** Work item **
Write out each line of the material exactly as given, and drop the images.

** Data excerpt **
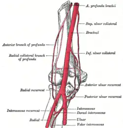 Peu après sa naissance, l'artère radiale donne l'artère récurrente radiale qui s'anastomose avec la branche antérieure de l'artère collatérale externe du bras.
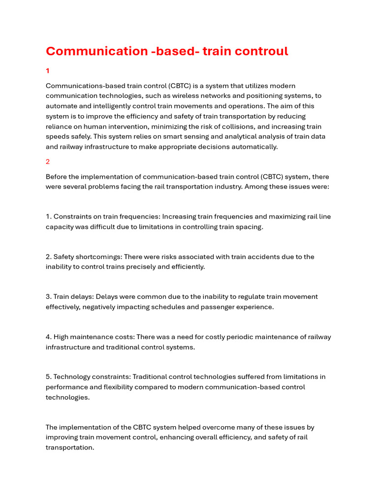4. Integration with other systems: The communication-based train control system was
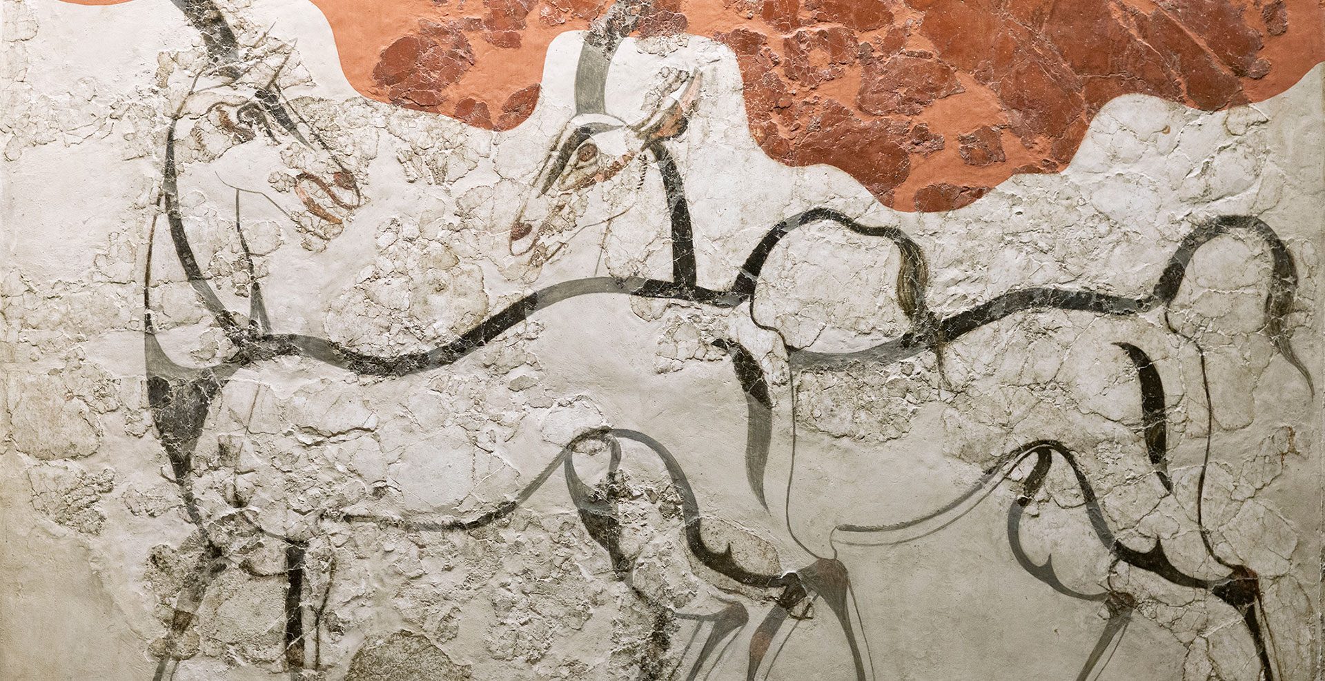 In the same room as the boxers, the other walls were decorated with images of antelopes. Alone or in pairs, the animals are represented with thick black lines on a white background. Τhe antelopes along with the boxers form a larger symbolic composition of young humans and animals.
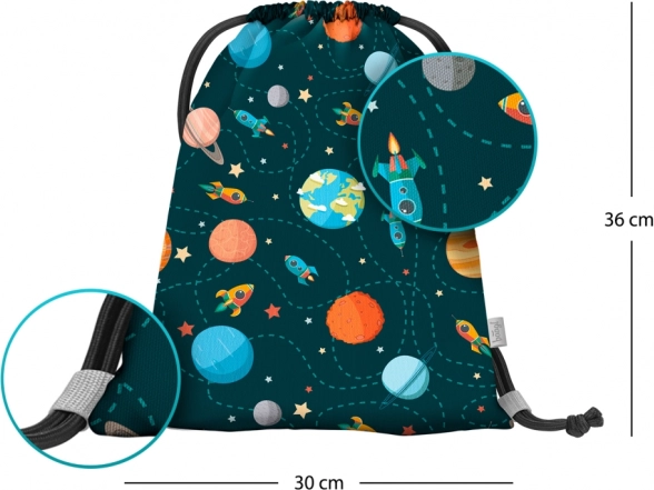Léger et pratique, le sac préscolaire Baagl au motif Planètes est idéal pour les chaussures ainsi que les petites affaires pour les activités et le temps libre. Fabriqué en matériau solide et lavable, avec fermeture par cordons résistants qui permettent également un port confortable sur le dos.

** Solved exercise **
 Peu après sa naissance, l'artère radiale donne l'artère récurrente radiale qui s'anastomose avec la branche antérieure de l'artère collatérale externe du bras.
4. Integration with other systems: The communication-based train control system was
 In the same room as the boxers, the other walls were decorated with images of antelopes. Alone or in pairs, the animals are represented with thick black lines on a white background. Τhe antelopes along with the boxers form a larger symbolic composition of young humans and animals.
Léger et pratique, le sac préscolaire Baagl au motif Planètes est idéal pour les chaussures ainsi que les petites affaires pour les activités et le temps libre. Fabriqué en matériau solide et lavable, avec fermeture par cordons résistants qui permettent également un port confortable sur le dos.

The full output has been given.